第11回 為替マーケットコラム 2019年12月 相場のリバウンド

第11回 為替マーケットコラム

相場のリバウンド

先日はボーイング社のCEOが交代しました。現会長が社長になるだけなので、あまり代わり映えはしません。

それでも経営姿勢が前向きだということで、株価は復調の兆しを見せ始めています。737-MAX機が不都合になったので、いくぶんボーイング株が下がってきたのですが、1年前に史上最高値である446ドルをつけた後の、押し目が350ドル台です。

確かに20~30%の株価調整とも言えるのですが、3年前の株価は100ドル台であったことを考えると、現在の株価でも高すぎるのだとも言えなくもありません。

ボーイング株の足取り

 

これで膿出し終了ということで再び400ドル台に乗せてくることも考えられます。

これだったら悪い材料を提供して改善する振りをしていれば、それだけで株券はどんどんと買い上げられるという図式になってしまいます。

悪いことをすればいいと推奨しているようなものです。努力して利益を改善している会社は報われないのが正当化されるのかどうでしょうか。

 

過去の振る舞い

足下の実体が悪いのに、むしろ期待先行が優先して株価などが上がっています。

それまでの現実の状況において起こったロス分を反映しない相場展開はいくらでも過去にはあります。

 

21世紀に入ってまず記憶に新しいところでは2001年秋の9-11テロのときでしょう。

飛行機がビルに激突した映像が流れて、それはたいへん大きなショックを社会に与えました。

そして米国市場は3週間ほどもストップするのを余儀なくされました。

 

10月になってマーケットは再開しましたが、時間がかなり経過していたこともあり、恐怖感はだいぶ薄らいでいました。

確かに10月中に米国株は年初来の安値を更新したのですが、すぐに切り返しました。
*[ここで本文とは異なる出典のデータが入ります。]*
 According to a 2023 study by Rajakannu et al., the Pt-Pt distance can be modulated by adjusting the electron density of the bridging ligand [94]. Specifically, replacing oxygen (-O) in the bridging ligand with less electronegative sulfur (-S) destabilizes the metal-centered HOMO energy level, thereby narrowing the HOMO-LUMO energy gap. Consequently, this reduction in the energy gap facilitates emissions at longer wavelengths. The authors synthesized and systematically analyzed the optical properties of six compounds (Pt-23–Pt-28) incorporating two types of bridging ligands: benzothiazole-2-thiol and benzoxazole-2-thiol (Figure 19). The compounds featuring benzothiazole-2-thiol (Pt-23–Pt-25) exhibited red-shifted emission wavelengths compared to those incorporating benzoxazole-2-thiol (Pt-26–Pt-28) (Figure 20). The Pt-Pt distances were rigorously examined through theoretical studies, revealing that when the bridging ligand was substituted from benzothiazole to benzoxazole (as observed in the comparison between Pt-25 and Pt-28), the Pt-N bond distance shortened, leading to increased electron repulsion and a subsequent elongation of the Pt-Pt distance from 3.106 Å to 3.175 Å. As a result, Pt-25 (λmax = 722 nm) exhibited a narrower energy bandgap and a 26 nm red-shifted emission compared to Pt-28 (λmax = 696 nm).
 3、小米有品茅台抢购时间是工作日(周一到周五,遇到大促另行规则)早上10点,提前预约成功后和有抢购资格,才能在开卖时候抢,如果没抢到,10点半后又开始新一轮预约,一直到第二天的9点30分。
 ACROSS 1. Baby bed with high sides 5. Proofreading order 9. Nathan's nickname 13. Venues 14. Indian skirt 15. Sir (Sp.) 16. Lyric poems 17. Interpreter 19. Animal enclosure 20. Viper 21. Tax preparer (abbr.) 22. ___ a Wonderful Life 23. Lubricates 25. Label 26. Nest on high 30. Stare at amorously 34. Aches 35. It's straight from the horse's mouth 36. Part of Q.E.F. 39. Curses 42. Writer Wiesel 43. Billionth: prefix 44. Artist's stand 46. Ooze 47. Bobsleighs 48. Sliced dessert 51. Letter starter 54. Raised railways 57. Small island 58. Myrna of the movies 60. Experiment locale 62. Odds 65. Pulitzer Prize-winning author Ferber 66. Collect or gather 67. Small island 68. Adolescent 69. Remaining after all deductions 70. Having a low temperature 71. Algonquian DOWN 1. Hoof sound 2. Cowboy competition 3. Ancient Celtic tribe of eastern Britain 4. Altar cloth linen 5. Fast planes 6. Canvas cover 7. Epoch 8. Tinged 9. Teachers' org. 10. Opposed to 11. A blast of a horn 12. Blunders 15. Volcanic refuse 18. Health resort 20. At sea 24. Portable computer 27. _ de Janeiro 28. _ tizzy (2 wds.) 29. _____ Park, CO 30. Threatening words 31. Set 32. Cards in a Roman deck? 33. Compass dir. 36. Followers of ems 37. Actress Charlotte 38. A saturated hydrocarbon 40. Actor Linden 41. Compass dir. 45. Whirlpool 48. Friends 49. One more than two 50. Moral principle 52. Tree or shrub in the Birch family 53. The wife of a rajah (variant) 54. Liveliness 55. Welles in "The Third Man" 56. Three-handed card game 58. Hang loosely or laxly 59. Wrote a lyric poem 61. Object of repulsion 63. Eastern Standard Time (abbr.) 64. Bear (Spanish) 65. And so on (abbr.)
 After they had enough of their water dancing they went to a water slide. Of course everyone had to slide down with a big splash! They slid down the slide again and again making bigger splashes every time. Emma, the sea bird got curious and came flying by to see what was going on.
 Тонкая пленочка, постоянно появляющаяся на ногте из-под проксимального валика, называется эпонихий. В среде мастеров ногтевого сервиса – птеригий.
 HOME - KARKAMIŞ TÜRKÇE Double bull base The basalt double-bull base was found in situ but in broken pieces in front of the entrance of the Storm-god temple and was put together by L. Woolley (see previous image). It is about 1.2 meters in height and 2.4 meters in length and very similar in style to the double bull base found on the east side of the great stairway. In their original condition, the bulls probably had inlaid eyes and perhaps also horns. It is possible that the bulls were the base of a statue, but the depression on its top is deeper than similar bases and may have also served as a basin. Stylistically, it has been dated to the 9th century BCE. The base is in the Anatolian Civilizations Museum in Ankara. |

むしろショートカバーが優勢となって、11月には下げ分をほぼ回復。

そして12月には年初来の高値を伺うほどまでリスクテークの流れが強まったのです。

 

まだ米国経済が本格的に立ち直っていないし、軍事的報復がどうなるのか、まだ不透明な状態であったのですから、期待だけで株価の上昇は保たないはずです。

そして実体を伴う株価の下げは翌年の秋に持ち越しとなりました。

2番底からの立ち直りを確認するためには、アメリカのイラク攻撃が実施される2003年春を待たねばなりませんでした。

 

現在のアナロジー

トランプ政権のやっていることを振り返ってみても、同じような事を演出していると見られます。

米中の貿易戦争ひとつ取ってみてもそうです。「部分的な合意」ができたとして、市場の不安感が払拭されたことを好感して米国株などは連日の史上最高値を更新してきています。

 

合意できたこと自体は確かに好材料なのですが、よく考えると貿易の外部環境はその騒動を起こす前よりも悪化しているのです。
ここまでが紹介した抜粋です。